Lettre vagabonde – 23 décembre 2021
Le journal La Presse invitait ses lecteurs et lectrices à s’exprimer sur leur livre préféré de Marie-Claire Blais. En furetant dans ma bibliothèque, mes préférences glissèrent non pas vers les nombreux titres, mais vers les personnages. De Jean-Le Maigre à Petites Cendres, les rencontres furent nombreuses et marquantes. L’écrivaine semble avoir partagé le quotidien de ses personnages. C’est leur voix que j’entends à travers la sienne. N’a-t-elle pas écrit en ses tout débuts, « À quoi bon vivre si je ne vois d’un œil ardent / ce qui se déroule chez les peuples invisibles. »

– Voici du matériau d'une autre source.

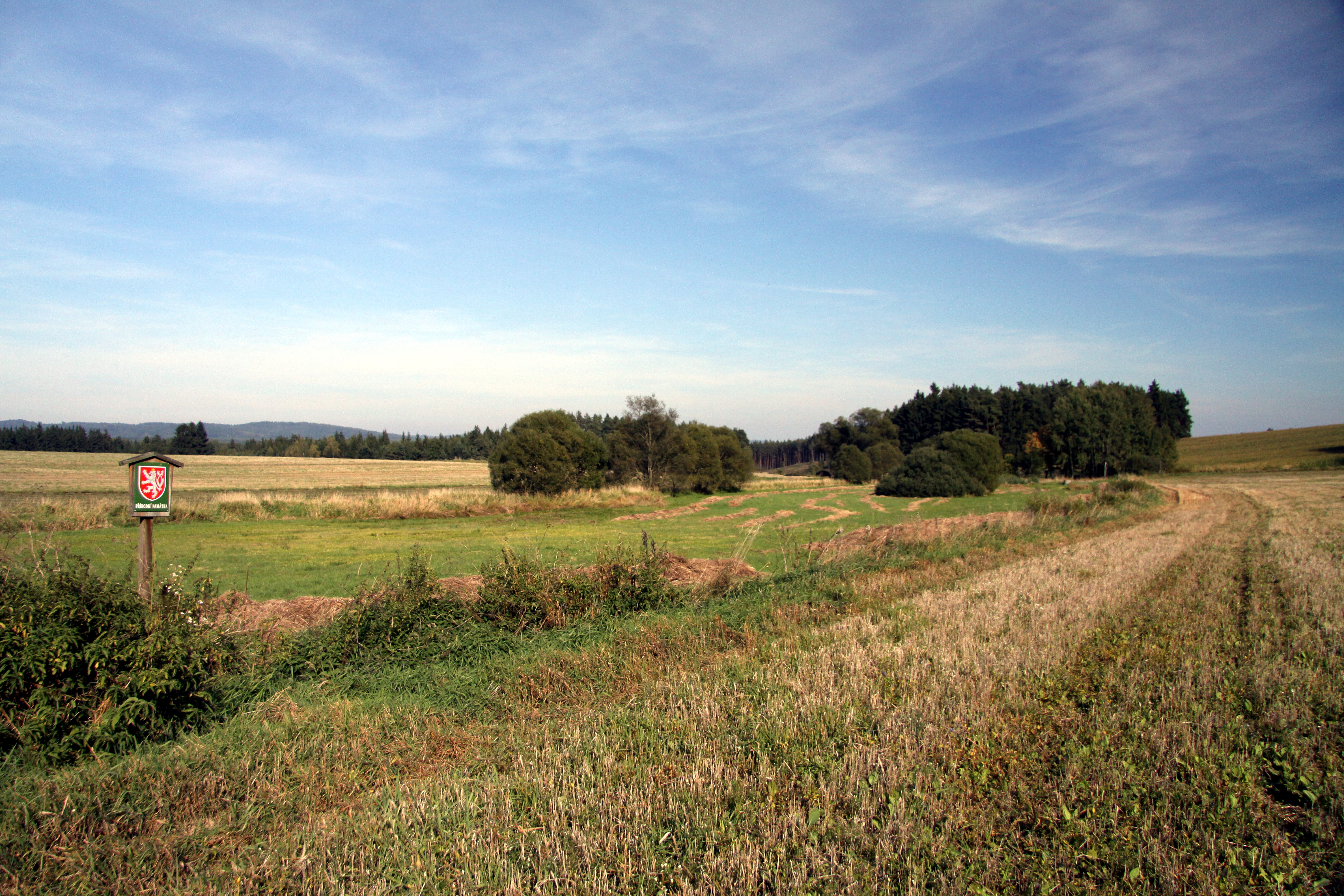 Natural monument Dehetnik, Písek District, Czech Republic - Google Maps - Google Earth

Comment ne pas s’attacher à Jean-Le Maigre, l’enfant aux rêves prometteurs devenu la proie des religieux. Mai, la jeune révoltée éveille à toutes les injustices. Daniel, l’écrivain se démarque par son empathie contagieuse. La présence de Mabel perdure, cette vieille femme esseulée vivant en compagnie de son perroquet Jenny. Petites Cendres, le prostitué est aussi attachant que Jean-le Maigre. Que dire d’Augustino, mon écrivain préféré, l’indigné qui s’exilera quelque part en Afrique. Quand il disparut d’un tome de la série Soifs, j’ai écrit à Marie-Claire Blais, lui demandant ce qu’il était advenu de lui. Peu importe qu’ils soient pasteurs, itinérants, artistes, écrivains ou prostitués, ces êtres, la romancière me permet de les rencontrer, de les connaître et de les apprécier. Elle a éprouvé leurs émotions, me les a transmises.

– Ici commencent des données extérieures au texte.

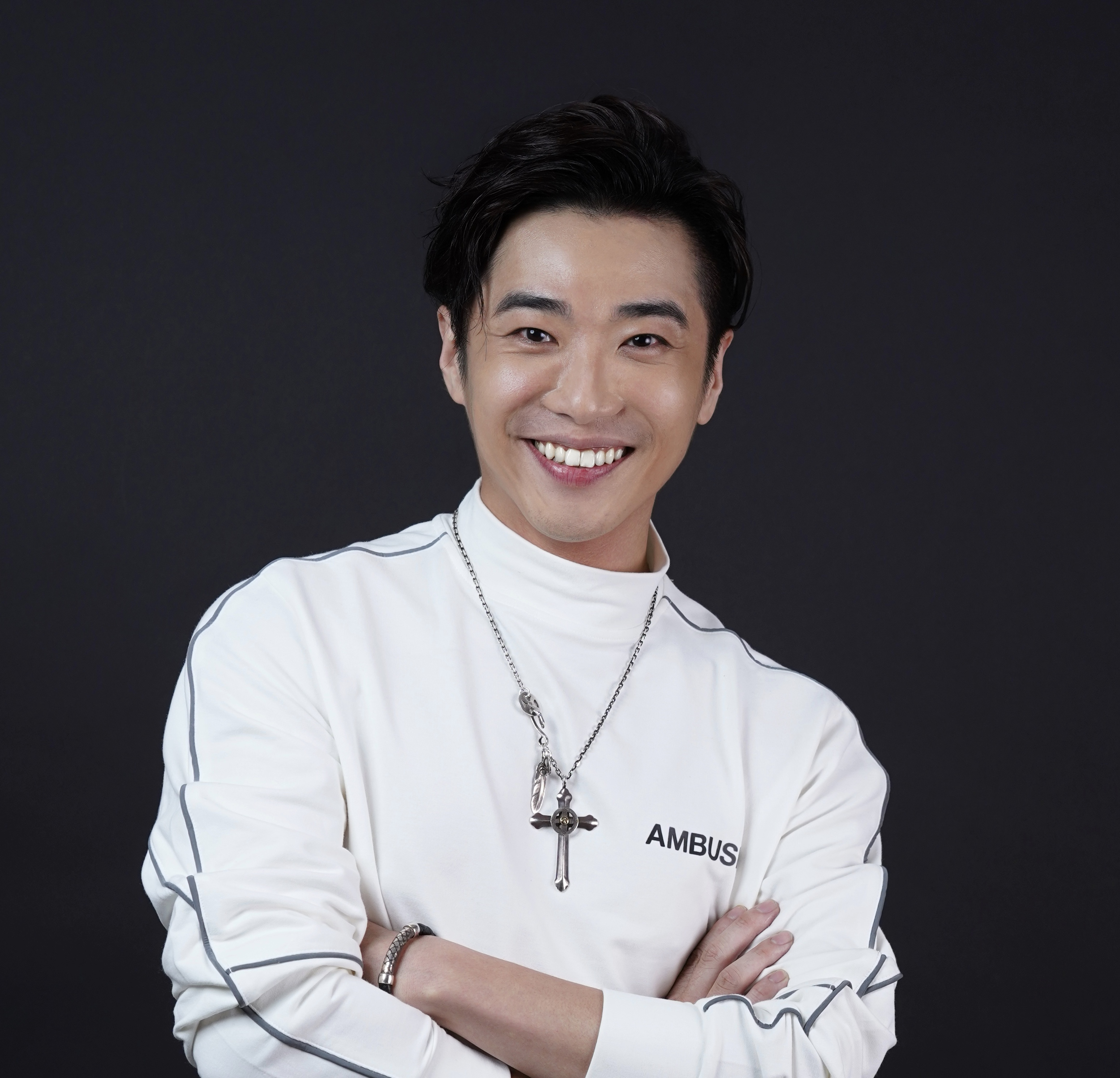 Taiwan Artist DAVE form 2KD5.

Marie-Claire Blais s’est peut-être substituée à chacun de ses personnages. Elle a tant fait siennes leurs souffrances et leurs ravissements. Le titre de son dernier roman, Un cœur habité de mille voix résume la vie de la femme et l’œuvre de la romancière que fut Marie-Claire Blais. Mille voix se sont exprimées à travers elle. C’est le cœur qui parle. Il n’est pas étonnant que je me sois attachée à ces êtres plus réels que fictifs. L’écrivaine avait raison de déclarer « qu’avec des lecteurs sensibles, il y a un véritable échange. » Son aptitude indéfectible à l’écoute de l’autre fut l’une de ses plus grandes forces. Les milles voix qu’emprunte l’écrivaine sont les voix de la transmission et du partage. À chaque lecteur et lectrice d’en recueillir l’usufruit.